= WORK ITEM =
Ignoring every picture, return the lines of the listing below word for word, from the line that holds "Use the eye" through the line that holds "Tarjeta de invitación".

= RECORDS TO PROCESS =
• • •

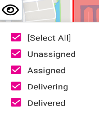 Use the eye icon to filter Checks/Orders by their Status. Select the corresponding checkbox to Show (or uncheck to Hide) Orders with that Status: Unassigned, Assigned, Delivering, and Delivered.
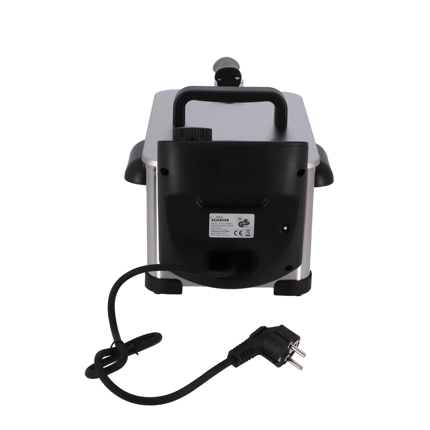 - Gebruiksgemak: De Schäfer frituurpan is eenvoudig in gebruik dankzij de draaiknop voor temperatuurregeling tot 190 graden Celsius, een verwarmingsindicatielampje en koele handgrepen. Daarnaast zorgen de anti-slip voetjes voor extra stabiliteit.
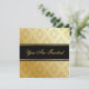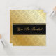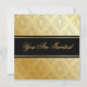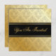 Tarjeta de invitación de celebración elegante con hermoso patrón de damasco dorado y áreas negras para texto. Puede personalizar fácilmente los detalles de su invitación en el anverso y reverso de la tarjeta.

• • •

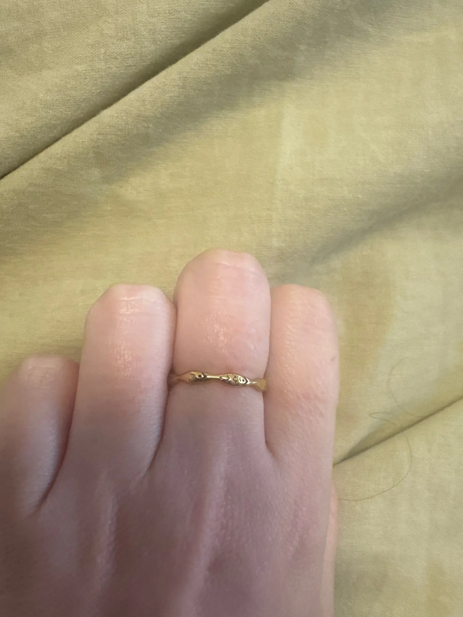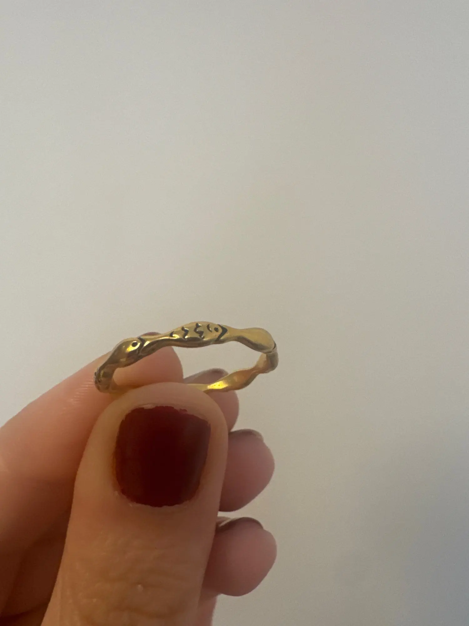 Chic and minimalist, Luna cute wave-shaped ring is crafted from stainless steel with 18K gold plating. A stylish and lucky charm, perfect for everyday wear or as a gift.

• • •

= ANSWER =
 Use the eye icon to filter Checks/Orders by their Status. Select the corresponding checkbox to Show (or uncheck to Hide) Orders with that Status: Unassigned, Assigned, Delivering, and Delivered.
 - Gebruiksgemak: De Schäfer frituurpan is eenvoudig in gebruik dankzij de draaiknop voor temperatuurregeling tot 190 graden Celsius, een verwarmingsindicatielampje en koele handgrepen. Daarnaast zorgen de anti-slip voetjes voor extra stabiliteit.
 Tarjeta de invitación de celebración elegante con hermoso patrón de damasco dorado y áreas negras para texto. Puede personalizar fácilmente los detalles de su invitación en el anverso y reverso de la tarjeta.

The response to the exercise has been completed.